Exercise:
A faithful copy of all the data is the goal; omit the pictures.

Records shown:
*****

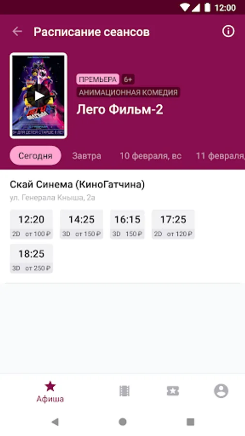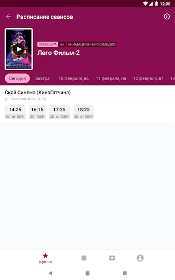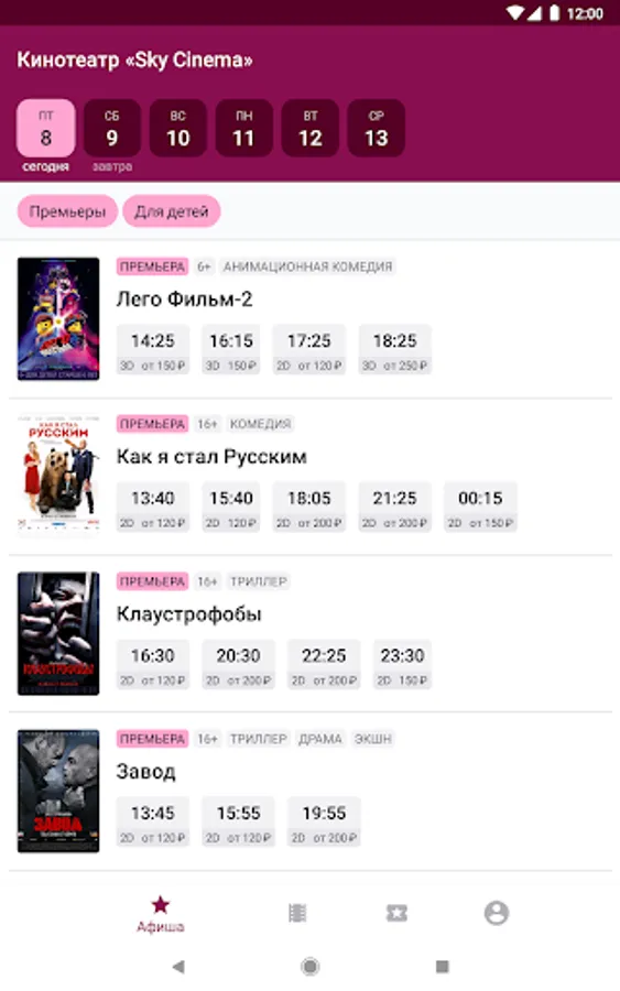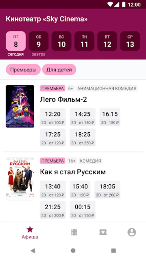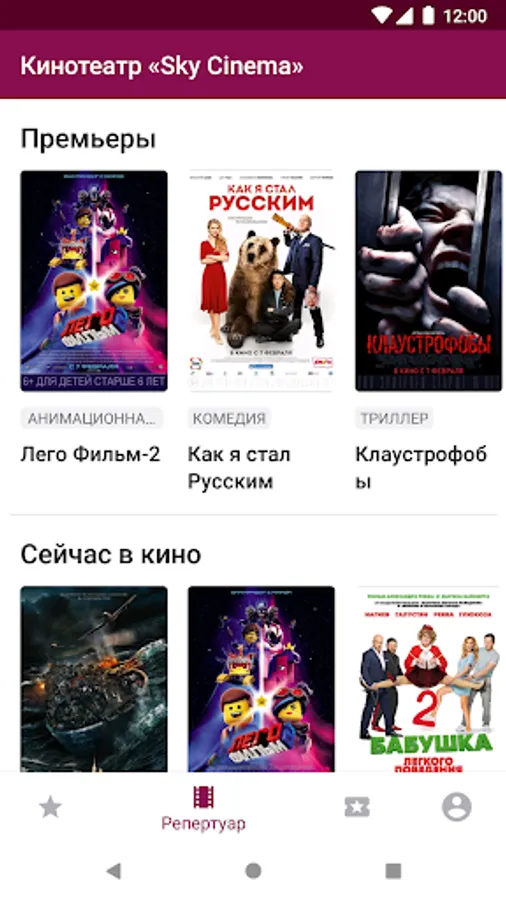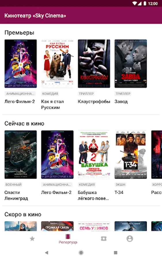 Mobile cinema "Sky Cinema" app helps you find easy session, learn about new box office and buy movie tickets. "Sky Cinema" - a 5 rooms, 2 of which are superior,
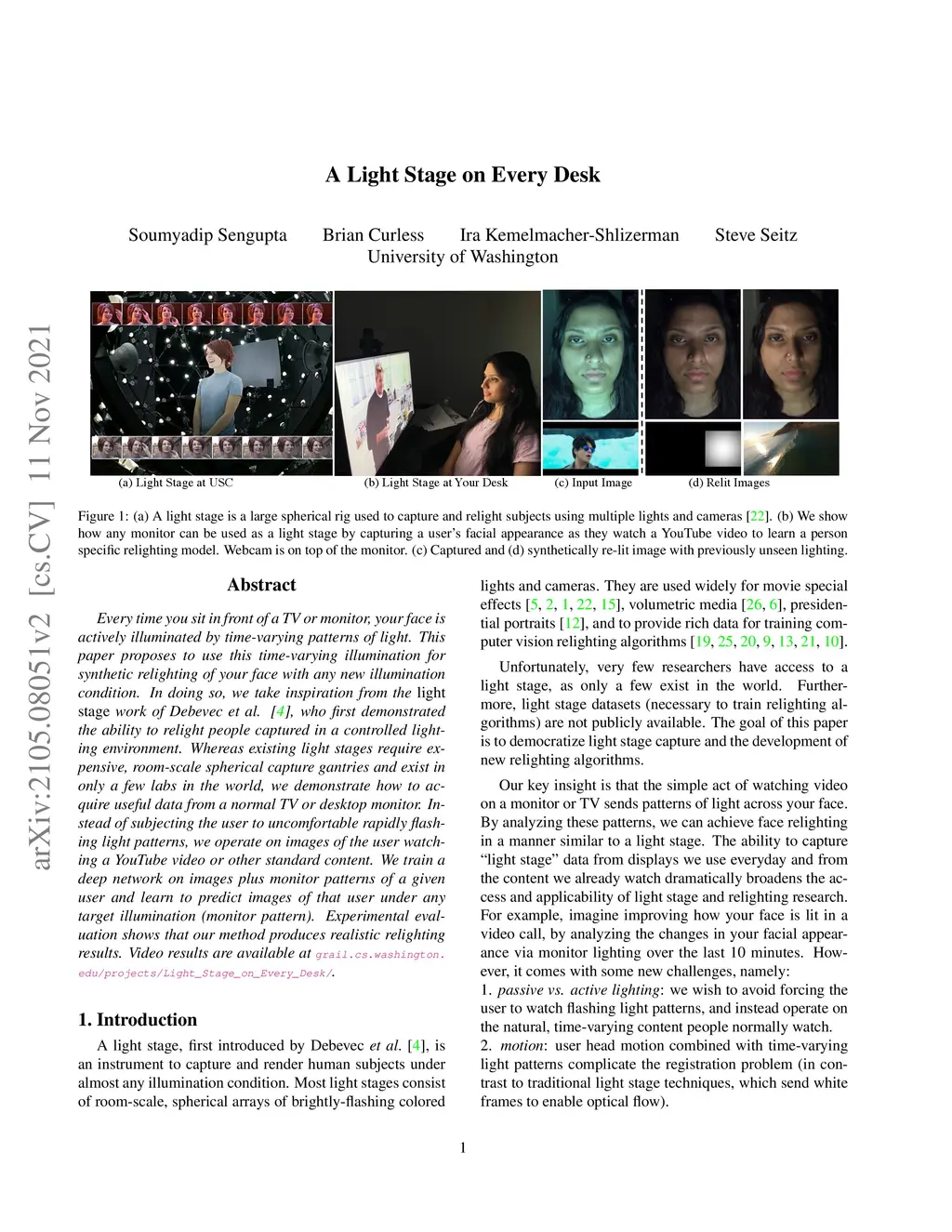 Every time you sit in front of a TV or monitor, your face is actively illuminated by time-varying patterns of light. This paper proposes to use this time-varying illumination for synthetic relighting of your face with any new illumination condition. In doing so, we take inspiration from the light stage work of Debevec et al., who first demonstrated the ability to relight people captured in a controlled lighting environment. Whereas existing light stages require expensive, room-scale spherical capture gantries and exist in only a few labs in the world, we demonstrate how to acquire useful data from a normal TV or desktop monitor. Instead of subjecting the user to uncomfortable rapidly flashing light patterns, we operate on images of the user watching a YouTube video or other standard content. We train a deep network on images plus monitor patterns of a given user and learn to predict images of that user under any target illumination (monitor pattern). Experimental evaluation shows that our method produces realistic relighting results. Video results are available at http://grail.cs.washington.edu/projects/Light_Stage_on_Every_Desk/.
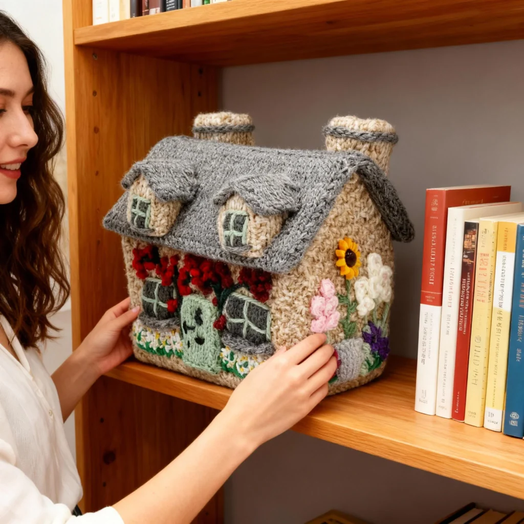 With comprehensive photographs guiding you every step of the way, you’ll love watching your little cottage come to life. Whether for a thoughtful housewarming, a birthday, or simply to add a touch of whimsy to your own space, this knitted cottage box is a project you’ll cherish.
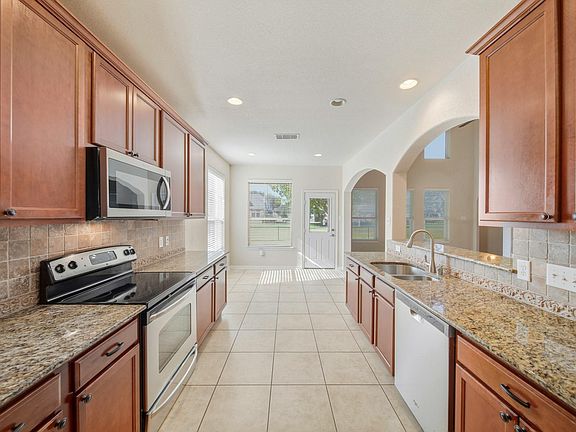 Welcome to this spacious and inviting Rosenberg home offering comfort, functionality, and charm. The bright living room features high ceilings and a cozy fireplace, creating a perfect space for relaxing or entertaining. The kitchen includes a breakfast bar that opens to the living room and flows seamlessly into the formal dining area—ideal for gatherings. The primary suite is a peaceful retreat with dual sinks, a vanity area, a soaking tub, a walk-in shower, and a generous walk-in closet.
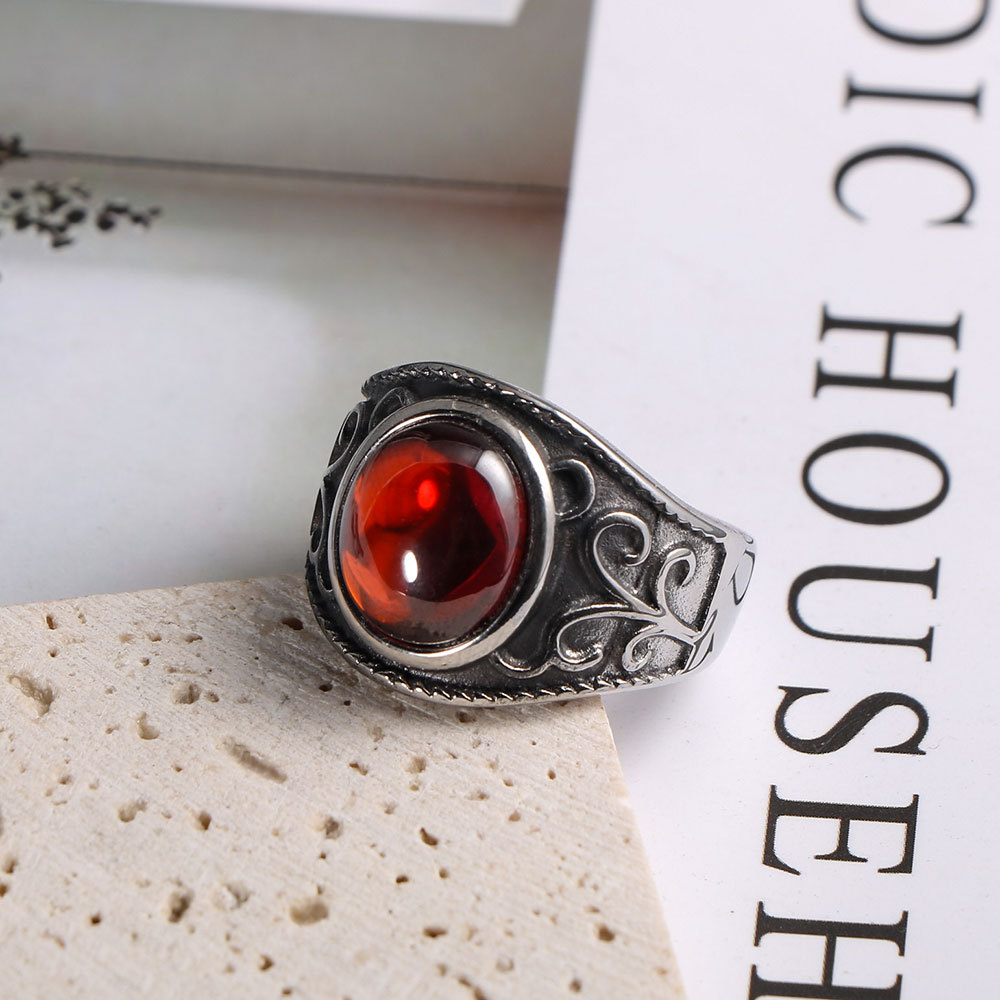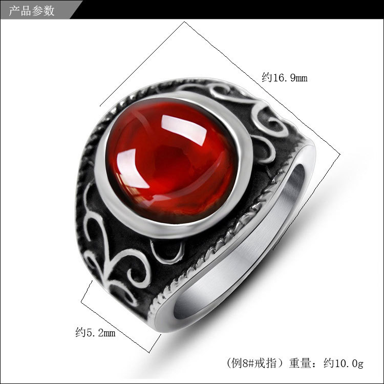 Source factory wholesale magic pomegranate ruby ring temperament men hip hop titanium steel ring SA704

*****

Your solution:
 Mobile cinema "Sky Cinema" app helps you find easy session, learn about new box office and buy movie tickets. "Sky Cinema" - a 5 rooms, 2 of which are superior,
 Every time you sit in front of a TV or monitor, your face is actively illuminated by time-varying patterns of light. This paper proposes to use this time-varying illumination for synthetic relighting of your face with any new illumination condition. In doing so, we take inspiration from the light stage work of Debevec et al., who first demonstrated the ability to relight people captured in a controlled lighting environment. Whereas existing light stages require expensive, room-scale spherical capture gantries and exist in only a few labs in the world, we demonstrate how to acquire useful data from a normal TV or desktop monitor. Instead of subjecting the user to uncomfortable rapidly flashing light patterns, we operate on images of the user watching a YouTube video or other standard content. We train a deep network on images plus monitor patterns of a given user and learn to predict images of that user under any target illumination (monitor pattern). Experimental evaluation shows that our method produces realistic relighting results. Video results are available at http://grail.cs.washington.edu/projects/Light_Stage_on_Every_Desk/.
 With comprehensive photographs guiding you every step of the way, you’ll love watching your little cottage come to life. Whether for a thoughtful housewarming, a birthday, or simply to add a touch of whimsy to your own space, this knitted cottage box is a project you’ll cherish.
 Welcome to this spacious and inviting Rosenberg home offering comfort, functionality, and charm. The bright living room features high ceilings and a cozy fireplace, creating a perfect space for relaxing or entertaining. The kitchen includes a breakfast bar that opens to the living room and flows seamlessly into the formal dining area—ideal for gatherings. The primary suite is a peaceful retreat with dual sinks, a vanity area, a soaking tub, a walk-in shower, and a generous walk-in closet.
 Source factory wholesale magic pomegranate ruby ring temperament men hip hop titanium steel ring SA704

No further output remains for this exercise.